A glicemia capilar foi verificada por meio de um aparelho portátil digital (glicosímetro Accu-Check® da Roche Diagnóstica). Para a classificação das alterações da glicemia, considerou-se como pré-diabetes 100 até 125 miligramas por decilitro (mg/dL) e diabetes ≥126 mg/dL(18).
Para a mensuração dos níveis de colesterol e triglicerídeos, foi utilizado um aparelho monitor digital (Accutrend® Plus da Roche Diagnóstica). A hipercolesterolemia foi considerada acima de ≥240 mg/dL e a hipertrigliceridemia ≥200 mg/dL(19).
As amostras de sangue, para verificar os níveis glicêmico e lipídicos, foram obtidas por meio de punção na polpa do dedo indicador do participante. Para isso, foi utilizado um dispositivo de punção (lancetador) de uso individual e descartável.
Realizou-se, ainda, uma entrevista com os indígenas, para levantamento de dados sociodemográficos, investigação de hábitos e estilos de vida, por meio de perguntas semiestruturadas e instrumentos validados, tais como: Alcohol Use Disorder Identification Test (AUDIT)(20) e o Questionário Internacional de Atividade Física (International Physical Activity Questionnaire - IPAQ), na sua versão curta(21).

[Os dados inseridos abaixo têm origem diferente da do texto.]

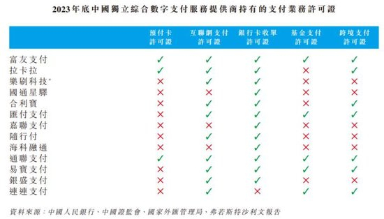据统计,截至2023年末,在186家拥有《支付业务许可证》的第三方支付服务提供商中,仅40家持有基金支付许可证,仅24家获授权提供跨境数字支付服务。

Instrumentos utilizados para a coleta das informações
Foi aplicado um formulário composto por questões fechadas relativas às seguintes varáveis: sexo, idade, dados antropométricos, pressão arterial, glicemia, perfil lipídico, estado civil, renda, escolaridade, ocupação, caracterização socioeconômica, hábitos alimentares, tabagismo, consumo de álcool, história familiar de DCV e nível de atividade física.
As classificações socioeconômicas foram determinadas de acordo com os Critérios de Classificação Econômica Brasileira(22), que consideram as condições domésticas dos participantes (número de banheiros, fonte de água, tipo de pavimentação da rua onde o domicílio está localizado e número de empregadas domésticas), quantidade de bens de consumo duráveis, eletrodomésticos e eletrônicos e níveis de educação. Com base nesses dados, a pessoa é classificada em uma das seguintes categorias: Classe A (45-100 pontos), Classe B1 (38-44 pontos), Classe B2 (29-37 pontos), Classe C1 (23-28 pontos), Classe C2 (17-22 pontos) e Classe D-E (0-16 pontos). A renda familiar mensal foi calculada com base no salário mínimo que, na época da coleta de dados, era de R$ 954,00, o que correspondia, em dólar, ao valor de US$ 234,31.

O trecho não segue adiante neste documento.